Rowland v Wright, [1909] 1 KB 963

The applicant in this workmen’s compensation matter was a teamster in the employ of the appellant. On January 2, 1908, Mr. Roland took his horses to the stable for their midday meal, where he then proceeded to eat his own dinner. While he was eating, a stable cat sprang at him and bit him. He was not teasing the cat in any way, nor was he feeding it on that occasion, although he had thrown bits to the cat on other occasions. The cat was not known to be especially vicious; however, the bite resulted in blood poisoning and the applicant had to have two joints of his finger amputated. The county court judge was of opinion that the accident arose out of and in the course of the employment and he made an award in favour of the applicant.

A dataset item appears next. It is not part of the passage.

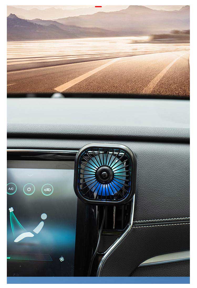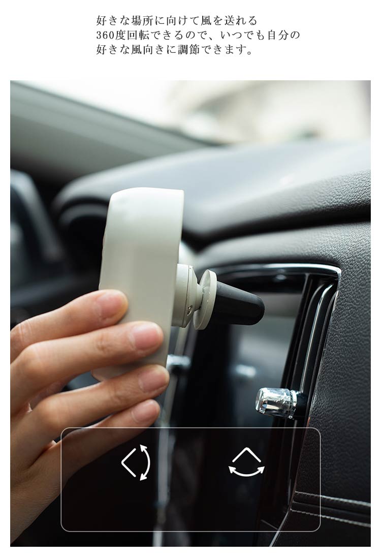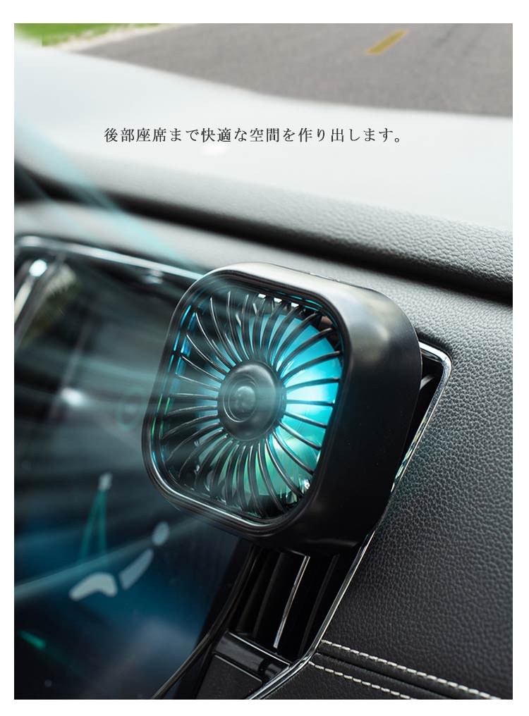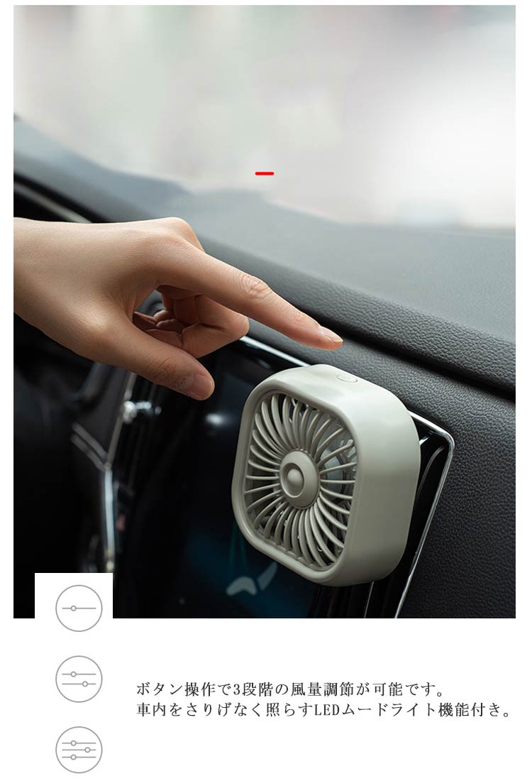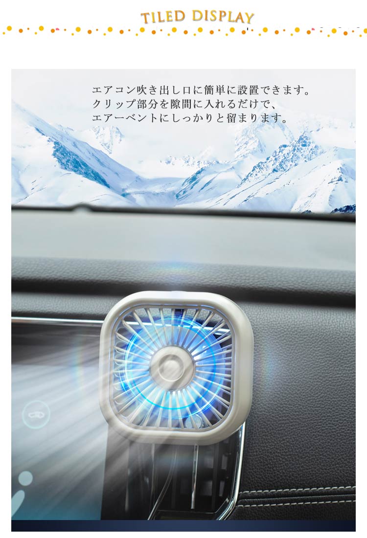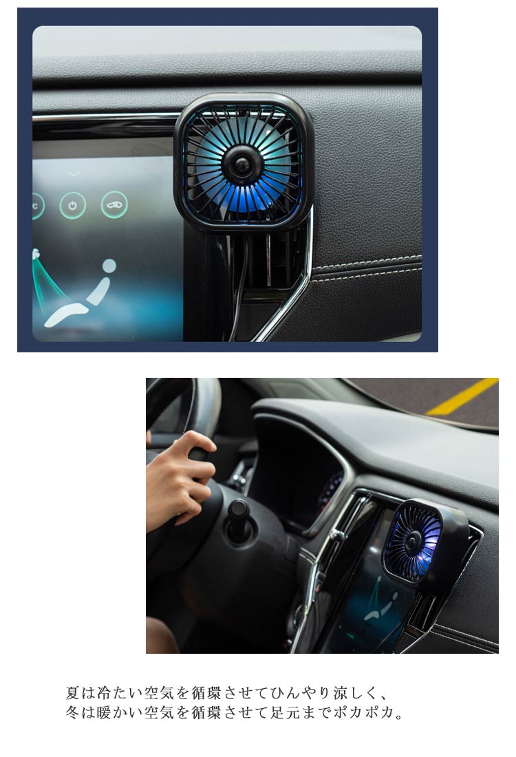 車のエアコンの吹き出し口に差し込むだけで冷暖房効率を上げる車載用扇風機です。エアコン吹き出し口に簡単に設置できます。クリップ部分を隙間に入れるだけで、エアーベントにしっかりと留まります。好きな場所に向けて風を送れる360度回転できるので、いつでも自分の好きな風向きに調節できます。ボタン操作で3段階の風量調節が可能です。車内をさりげなく照らすLEDムードライト機能付き。夏は冷たい空気を循環させてひんやり涼しく、冬は暖かい空気を循環させて足元までポカポカ。後部座席まで快適な空間を作り出します。USB電源なので車内だけでなく部屋やオフィスで卓上タイプとして使うことも可能です。

Cassandra Towers v Ryll, [1990] 6 RPR (2d) 299

Fluffy was “declawed, slightly blind in one eye, and admittedly not a troublesome cat”. She lived with tenants reliant upon pensions who knew that their lease contained a clause prohibiting pets on the premises. Though no complaints were received regarding the cat from any of the building’s tenants, Fluffy’s presence was discovered by the applicant’s property manager. The management sent a letter to Fluffy’s owners requesting that the cat be removed or relocated. The respondents refused, claiming great emotional attachment and a lack of affordable housing. Action was brought to terminate the tenancy agreement claiming that the cat substantially interfered with the reasonable enjoyment of the premises by the landlord and the other tenants. As a result of the ruling, the tenancy of her owners was terminated.
Fluffy’s case was responsible for animal and pet amendments to landlord and tenant legislation in Ontario. Section 14 of the Residential Tenancies Act, 2006, SO 2006, c 17, voids “no pet” clauses in residential leases. However, renters must be careful that their pets do not invoke other sections of the RTA which enable landlords to apply to evict.